It took about 19 minutes from the time Xiaoge initiated the request to ask for the API key.
My guess is that if the lag is caused by them running a lot of prompts in the background, then the lag should speed up over time.
Because they can later access dedicated GPUs or work with Claude or OpenAI to lower latency (presumably GPT-4 or Claude Opus).
Devin first made a plan.
In the upper right corner, the user can switch the "Follow" state, so that the user can automatically move the screen to the #Devincurrently activated tab.
The little brother did not turn on the following state because he wanted to observe changes in various positions at any time.
The planner will keep updated with the current task at any time.
Shell looks no different from an ordinary Shell, but it’s really fun to use!
Devin will open multiple shells during the work process. At the bottom of the shell, the user can drag the blue slider to view the commands written by Devin.
The picture below is the non-rendered content of the chessboard when trying to debug it.
At the same time, the little brother asked it to perform another data analysis task.
My brother asked Devin to "create a map of Antarctica's sea water temperatures over the past fifty years."

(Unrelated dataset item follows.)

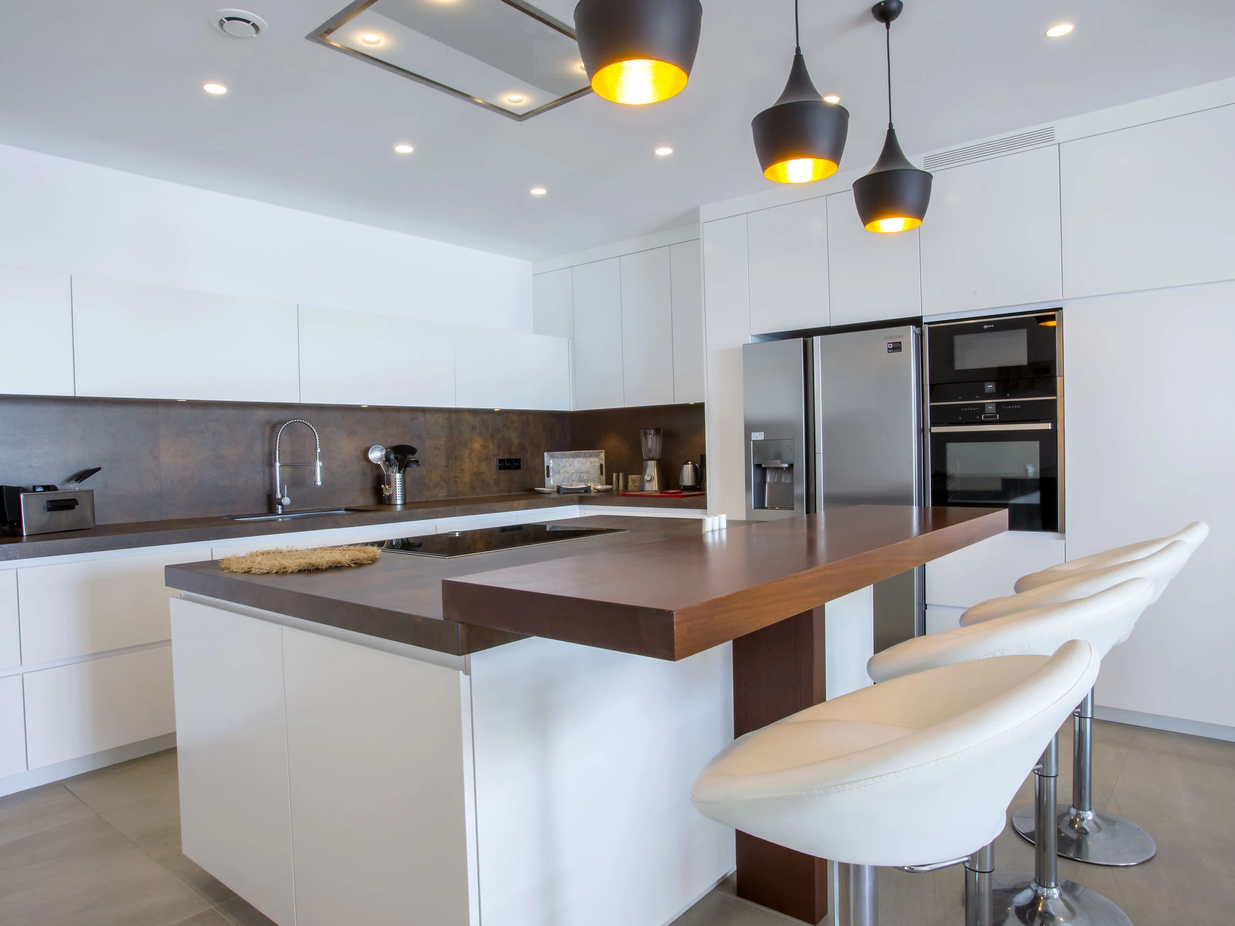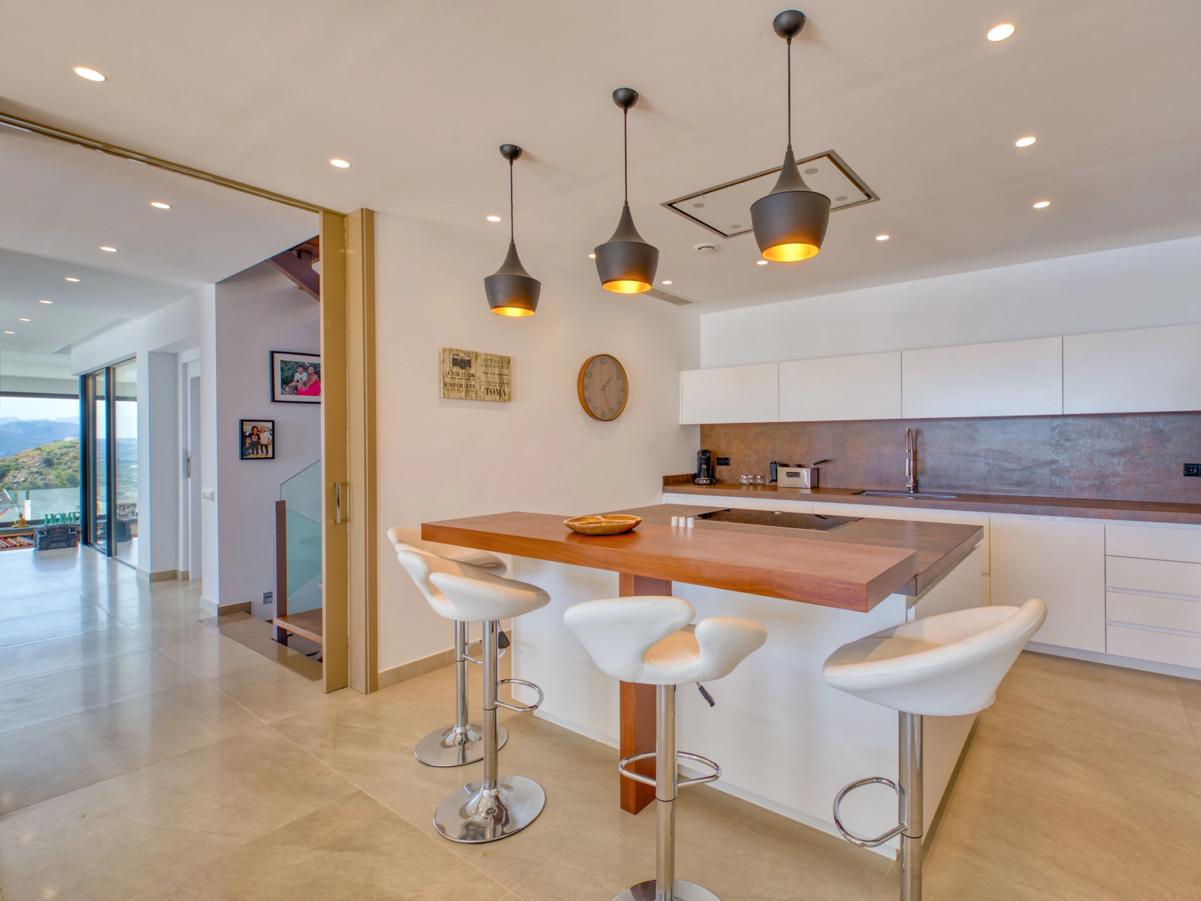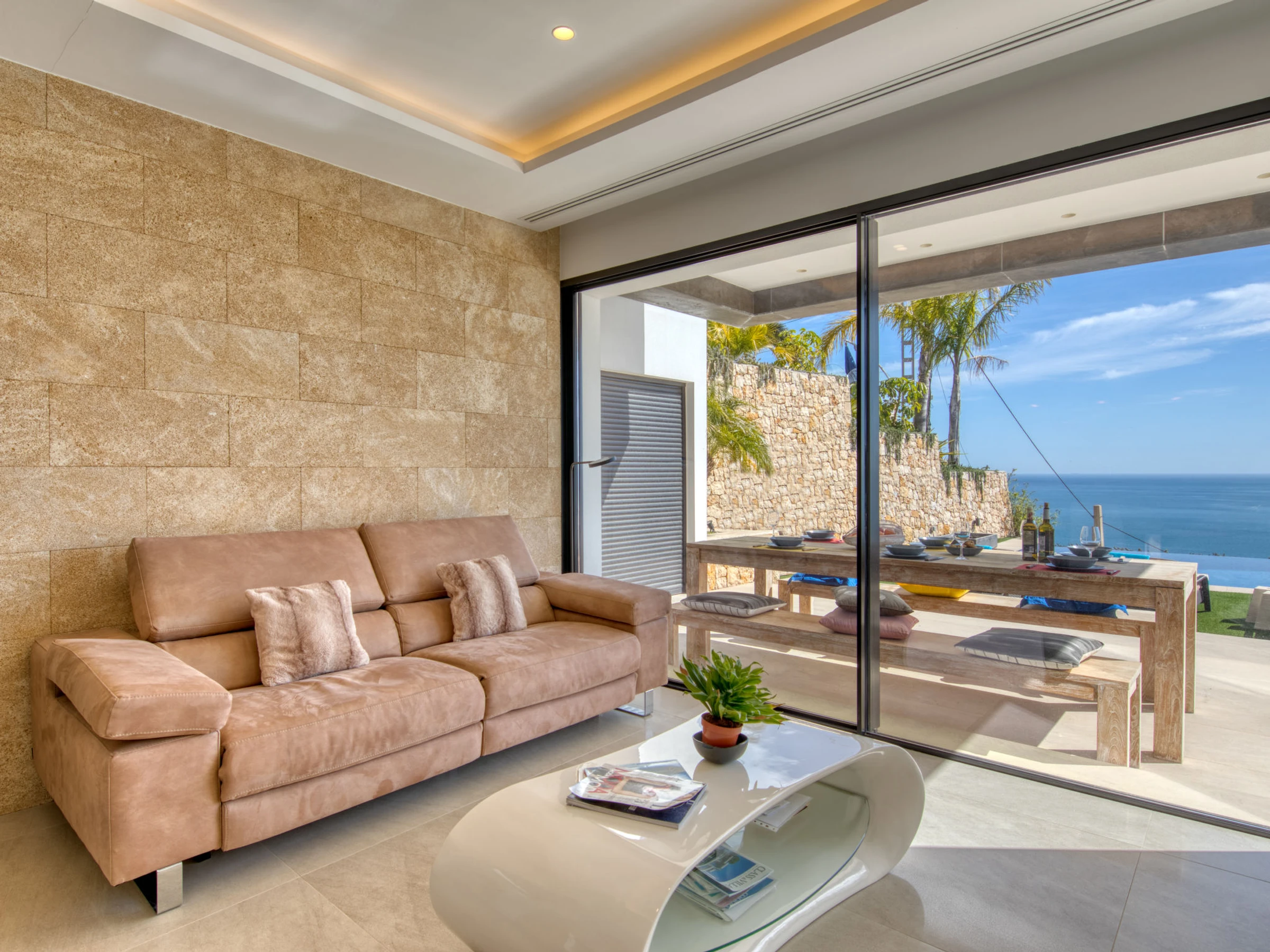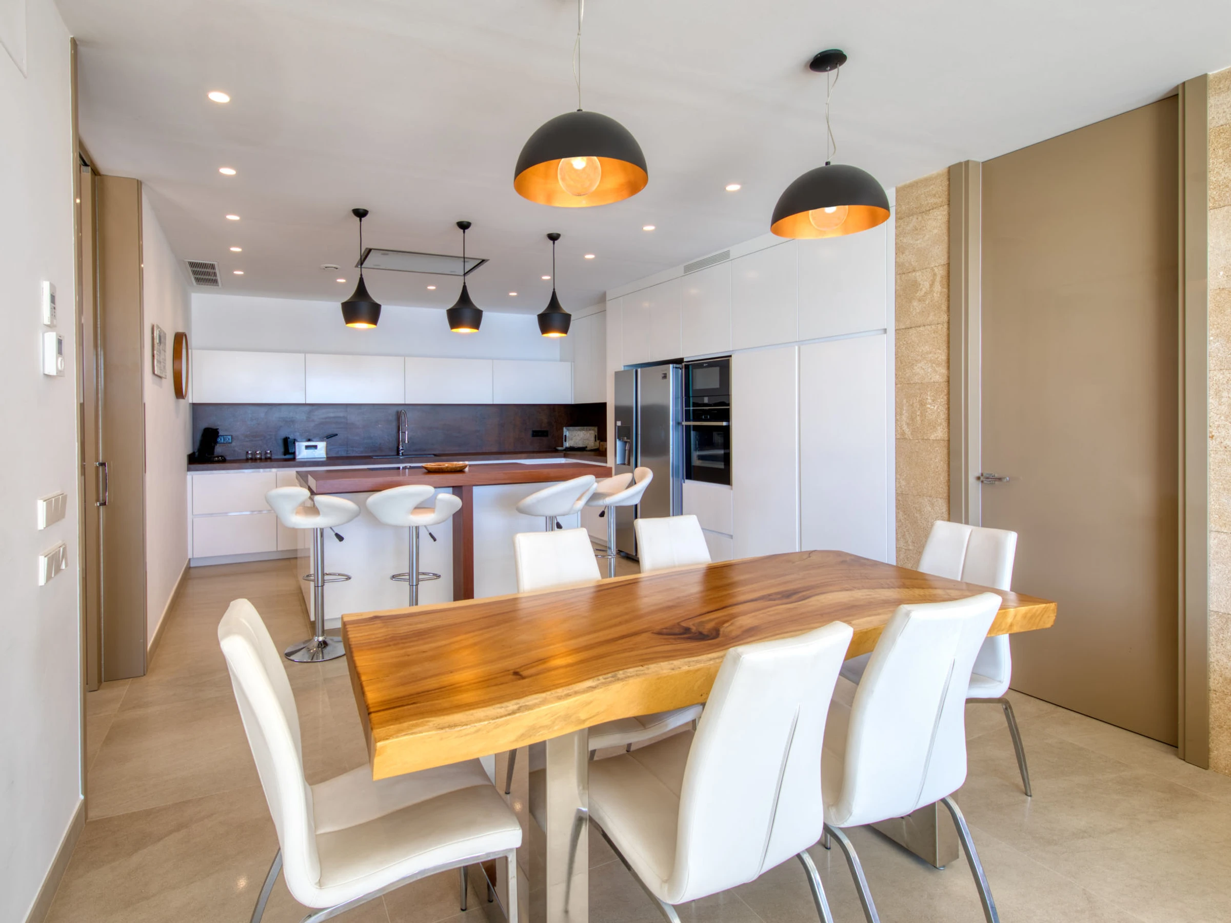 "Villa Bali Infinity", villa 7 estancias 650 m2 en 2 plantas. Espacioso y luminoso, con mobiliario muy moderno y lujoso: salón-comedor con chimenea, mesa de comedor, TV satélite y TV digital. Grande cocina (horno, lavavajillas, 4 Placas de inducción, tostadora, hervidor de agua eléctrico, microondas, congelador, cafetera eléctrica, isla de cocina). Ducha/WC. En planta inferior: 1 dorm. con 1 cama de matrimonio (160 cm, 200 cm de longitud), ducha/WC. 1 dorm. con 1 cama de matrimonio (160 cm, 200 cm de longitud), ducha/WC. Planta superior: 1 dorm. con 1 cama de matrimonio (180 cm, 200 cm de longitud), ducha/WC. 1 dorm. con 1 cama de matrimonio (160 cm, 200 cm de longitud), ducha/WC. 1 dorm. con 1 cama de matrimonio (160 cm, 200 cm de longitud), ducha/WC. Terraza grande. Muebles de terraza, barbacoa, tumbonas (3). Vista panorámica espléndida al mar y a la localidad. El alojamiento dispone de: lavadora, secadora, plancha, secador de pelo. Internet (Wifi, gratis). Junto a la casa. En la planta inferior hay ademas un gimnasio con bañera de hidromasaje y WC. Garaje para 3 coches. [hidden] // Reg. Nr.: ESFCTU0000030710009718020000000000000CV-VUT0484887-A6
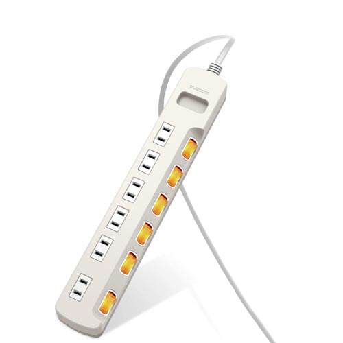 パソコンやテレビなどの接続機器を誘導雷による雷サージから守る雷サージ吸収素子や、待機電力を節約する差込口毎のスイッチを搭載した6個口タップです。

Regarding this request, I think there are two aspects that may be challenging:
Devin reads readme files smartly like a good programmer and also performs some basic EDA to understand the data structure.
The data is actually an ascii file, which I find a bit strange.
When I click on one of the steps in the dialog "Debug Python Script...", it will open the code library section related to that step, so you can track a specific What happens at a point in time.
What I am more worried about is that if it is not necessary to ask for the API key, Devin seems to be unable to stop coding.
So he tried to see if he could change the request he made before or specify something else, interrupting Devin's coding process.
Because most users may change their minds or have something new they want to add to the system when coding, it is necessary to be able to handle this situation of.
This is a screenshot during the encoding process:
The browser interface is presented as follows:
Then the little brother mentioned another requirement for the data visualization task, asking the system to set high temperature to blue and low temperature to red.
In order not to interrupt the coding process, it seems that Devin started another working thread to record the temporary request of the brother.
Finally, Devin deployed the APP to Netlify, and an application was already online.
Link to the webpage: https://t.co/wTbtz2waDn
Just like human writing The same as the program, the first version must have bugs.
Because what I requested was the temperature record of Antarctica, it seemed that it was somewhat difficult for Devin to understand.
So I changed the requested location to North America.
The little brother did not give the results of Devin’s modification of the bug, just a preliminary summary Experience using the first website developed with Devin.
Let’s talk about the advantages first:
Devin has done a good job in productization, he has given The user experience is a complete product rather than just a simple dialog box.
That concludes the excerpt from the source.